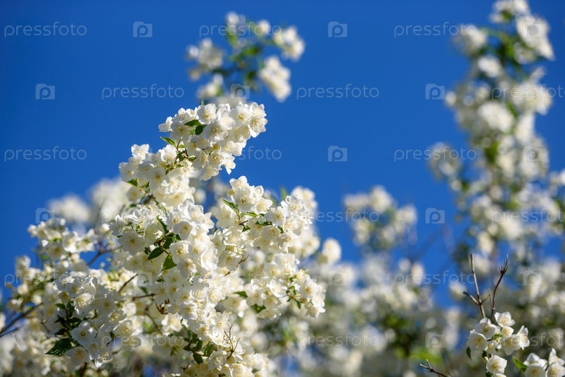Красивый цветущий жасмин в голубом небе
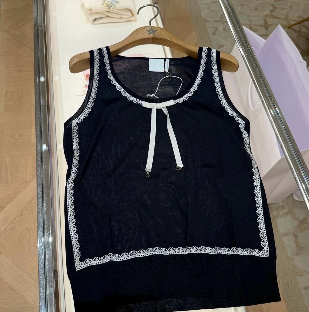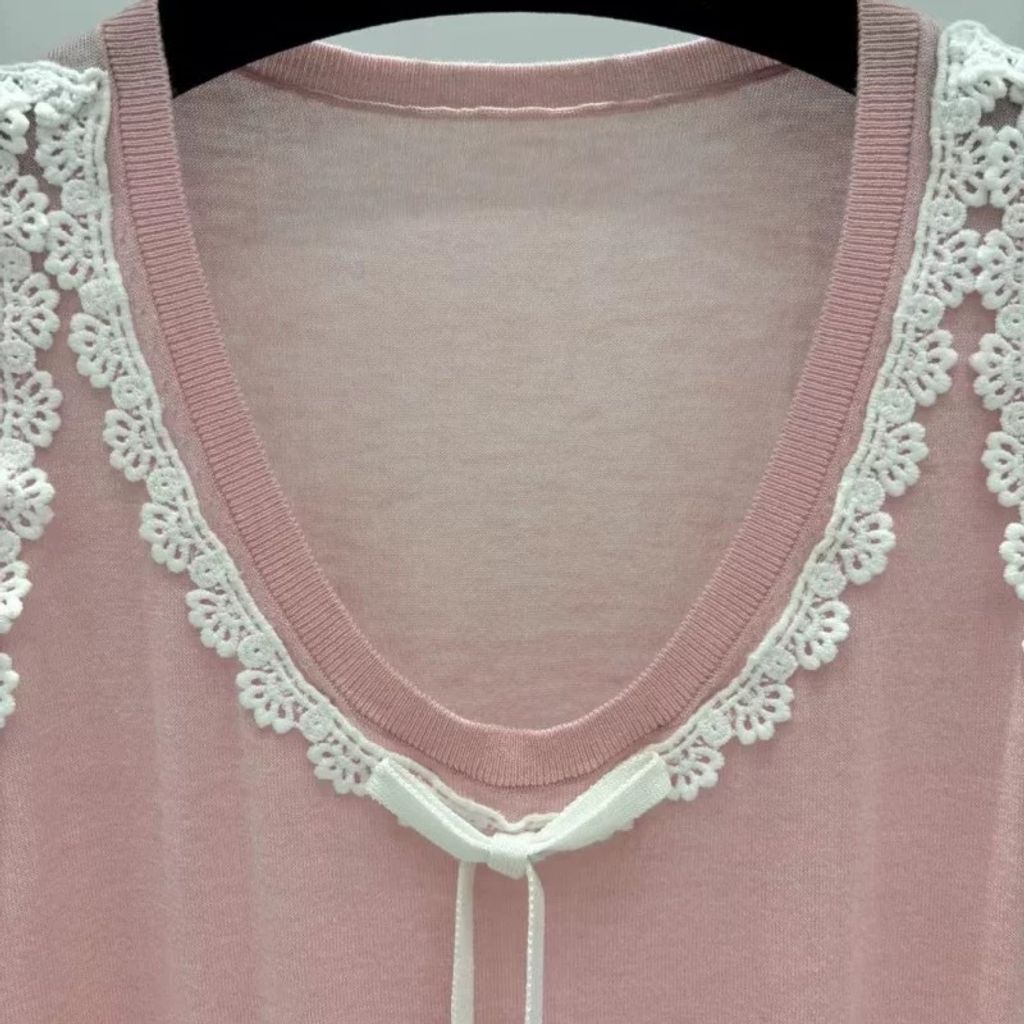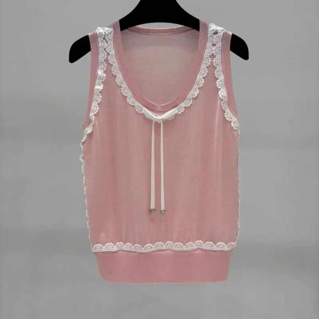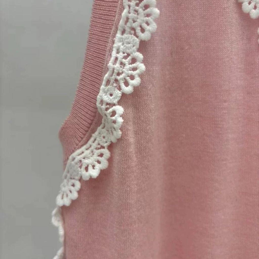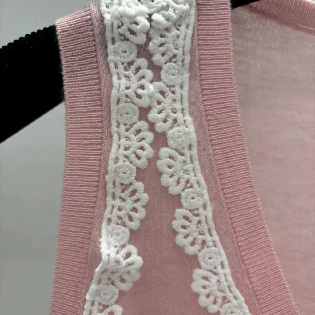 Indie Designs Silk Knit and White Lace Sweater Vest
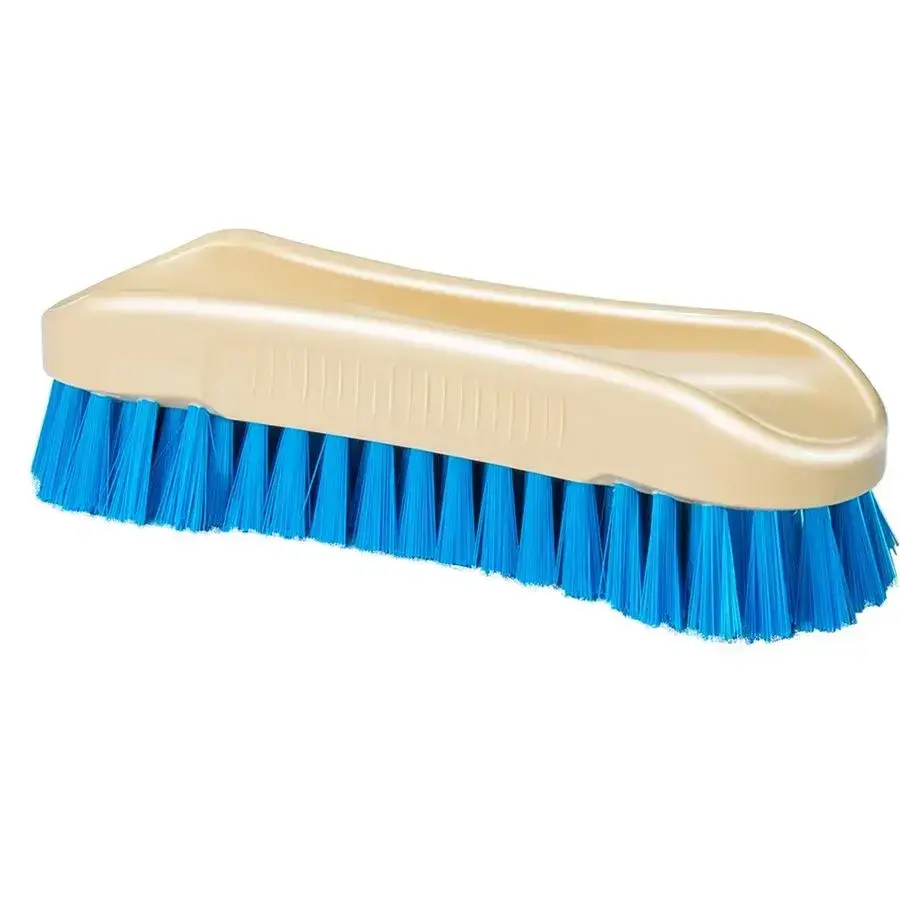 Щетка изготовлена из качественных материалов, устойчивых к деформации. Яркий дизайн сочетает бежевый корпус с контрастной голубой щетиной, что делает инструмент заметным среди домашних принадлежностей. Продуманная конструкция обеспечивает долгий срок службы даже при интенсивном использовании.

* * *

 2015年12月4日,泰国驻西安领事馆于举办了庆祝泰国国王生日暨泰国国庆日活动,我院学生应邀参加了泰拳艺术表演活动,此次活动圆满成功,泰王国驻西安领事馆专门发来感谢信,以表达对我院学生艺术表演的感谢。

▸ The problem:
Reproduce exactly the lines above starting at the line containing "Красивый цветущий жасмин в голубом небе" and ending at the line containing "Щетка изготовлена из", including both, but not the pictures.

▸ Task response:
Красивый цветущий жасмин в голубом небе
 Indie Designs Silk Knit and White Lace Sweater Vest
 Щетка изготовлена из качественных материалов, устойчивых к деформации. Яркий дизайн сочетает бежевый корпус с контрастной голубой щетиной, что делает инструмент заметным среди домашних принадлежностей. Продуманная конструкция обеспечивает долгий срок службы даже при интенсивном использовании.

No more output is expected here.